162「呼びさます一人の相手も心せよ一を以て万に当る丈夫の道。」- 植芝盛平

Original Waka

呼びさます
一人の相手も
心せよ
一を以て万に当る
丈夫の道

植芝盛平 (Ueshiba, 1977)

Translation

“Awaken! [Even] one person as opponent, [be] heedful in heart-mind—with one [principle], meet the many—[this is the] stalwart man’s way.” – Ueshiba Morihei

Waka Translation

Call and awaken,
one person as opponent,
a heart-mind heedful—


by one, match the ten‑thousand,
this is Masurao’s Way.


Ueshiba Morihei

歴史的仮名遣い(語構成を明示)1

呼びさます (よびさます)
一人の相手
(ひりのあひて)
心せよ
(こころせよ)
一を以て當つ
(いちをもてあつ)
丈夫の道
(ますらをのみち)

植芝盛平

Bungo Romanization1

yobi samasu
hitori no ahite
kokoroseyo
ichi o mote atsu
masurao no michi

Ueshiba Morihei

Notes

1 To produce a metrically regular tanka, editors often (i) drop optional particles, (ii) use classical inflectional forms, and (iii) adopt historical kana/lexis. Here, I (a) read 以て as classical もて (mote, 2 mora), and (b) use the classical verb 當つ (atsu, lower bigrade), which is the bungo ancestor of 当てる/当たる; this is a standard move in bungo prosody. This strict version elides explicit 万に (“against the many/ten‑thousand”). Such ellipsis to achieve meter is conventional in waka editing; the idiom 「一を以て万に当(あ)つ」 (‘by/with one [principle] match the many’) is transparent from context and widely understood through the classical kanbun idiom 以一当十 (‘one equals ten’). 
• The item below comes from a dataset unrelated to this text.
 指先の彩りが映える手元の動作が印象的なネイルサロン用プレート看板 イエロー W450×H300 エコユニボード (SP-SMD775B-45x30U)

Translation, Notes, Commentary, and Research by Latex G. N. R. Space-Coyote

Ueshiba, M. (2025). 植芝盛平道歌–162: Awaken stalwart man (L. G. N. R. Space-Coyote, Trans.; OpenAI ChatGPT-5 Pro, Ed.). Shugyokai.org. https://shugyokai.org/d6pz (Original work compiled 1977)
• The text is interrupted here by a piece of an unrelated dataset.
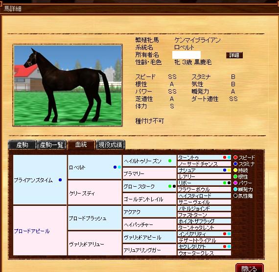 ケインマイブライアン(牝3)『ブライアンズタイム×ブロードアピール』

呼びさます(よびさます; yobi-samasu)— compound “to awaken by calling / rousing”; semantically works on two levels: (a) physically rousing an opponent or situation, and (b) spiritually / mentally awakening oneself (a very Ōmoto/ aikidō flavor); the bare verb phrase at the start functions like an exclamatory imperative in didactic waka: “Awaken!”—a typical opening gambit in dōka (道歌, “way‑poems”).

一人(ひとり; hitori)—“a single person; one person”.

相手(あひて; ahite / aite)— “the other party, partner, opponent.” In budō this is your training partner, but also your enemy in combat; many lists have 敵 “enemy”; this text has 相手 “partner / opponent”; both are attested in dōka selections (for consistency; for consistency and overtones of -te, it may be ideal to preserve teki, however it breaks the mora count in this tanka).

一人の相手(ひとりのあひて; hitori no aite/ahite)— “a single counterpart / opponent”.

(こころ; kokoro)— “heart-mind” (i.e., affective-cognitive); etymologically the four ventricles of a heart and later a penis.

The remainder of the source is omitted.